I picked up a real nice vintage Fuller ratcheting push screwdriver but it's missing most of its
bits. I contacted the Fuller company that no longer supports their product and who (no exaggeration) offered this advice: "our best suggestion is for you to throw it in a waste-basket." (Hope I never have that ignoramus working customer service for my company).
Anyway...I really like the ratcheting push screwdriver and am looking for suggestions of good ones. My wife is wanting a Christmas list and this is the only thing I can come up with but I would like to get one that has "feel," stability and quality.


----------



## GeorgeC (Jul 30, 2008)

Did you try "googling" the subject? Try it and you will get several hits.

George


----------



## mikeswoods (May 18, 2009)

Look on Ebay--you might have some luck finding bits----I have several in my collection of vintage tools--but I have not used one for over forty years.

As a kid I drooled over the one my fathers carpenter friend owned---what a time saver---
However, variable speed,reversing drills came on the market---so I never got one until this decade.


----------



## Brian T. (Dec 19, 2012)

I have a Makita reversing cordless with a swivel head. While it ain't a vintage ratchet, I can work in all sorts of awkward corners with ease and satisfaction. Standard hex shank bits but the magnetic socket has always been really weak.


----------



## Bill White 2 (Jun 23, 2012)

Lee Valley has socket adapters that will accept 1/4" modern bits.

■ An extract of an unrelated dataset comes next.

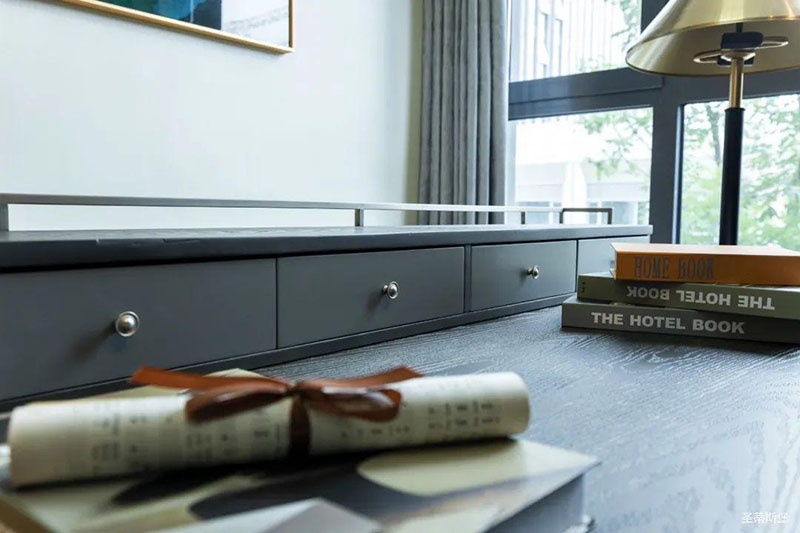 站在书房门口,都被书桌强大的气场震撼,极具建筑美学的书桌四角与实木材质质感显露出空间的大气与张力,以减法设计概念,去繁求简,却在功能收纳上绝对满足日常所需,回归生活本真,绝对是书房不可或缺的书桌。
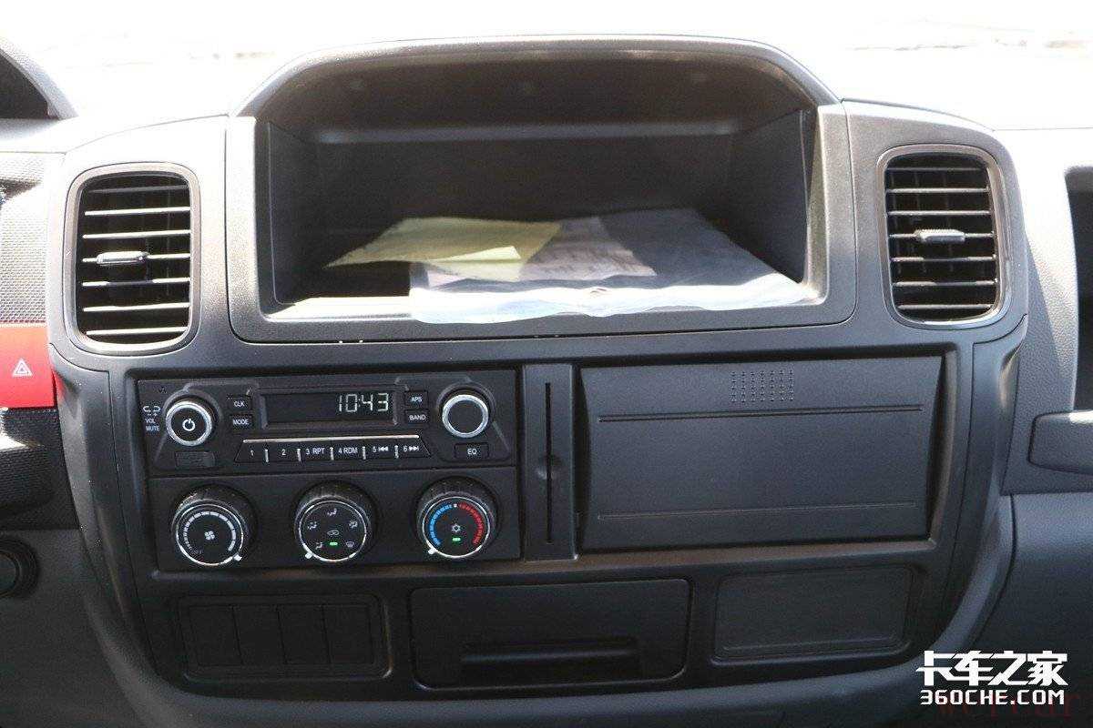 在中控台设计上,其风格与东风轻型车的其他轻卡车型比较相近,最上面有一个巨大的储物格。下面是收音机、手动的空调及一个封闭式的储物格,整个驾驶舱的储存空间还是十分丰富的。

Might wanna check with them.
Just be sure to know what size shank your push drill needs.
Bill


----------



## woodnthings (Jan 24, 2009)

*that reminds me of ....*

This thread:
http://www.woodworkingtalk.com/f11/yankee-spiral-ratchet-screwdrivers-23180/

and this one:
http://www.woodworkingtalk.com/f11/yankee-drivers-anyone-8246/

Ebay has some bits:
http://www.ebay.com/sch/i.html?_nkw=yankee+screwdriver+bits


----------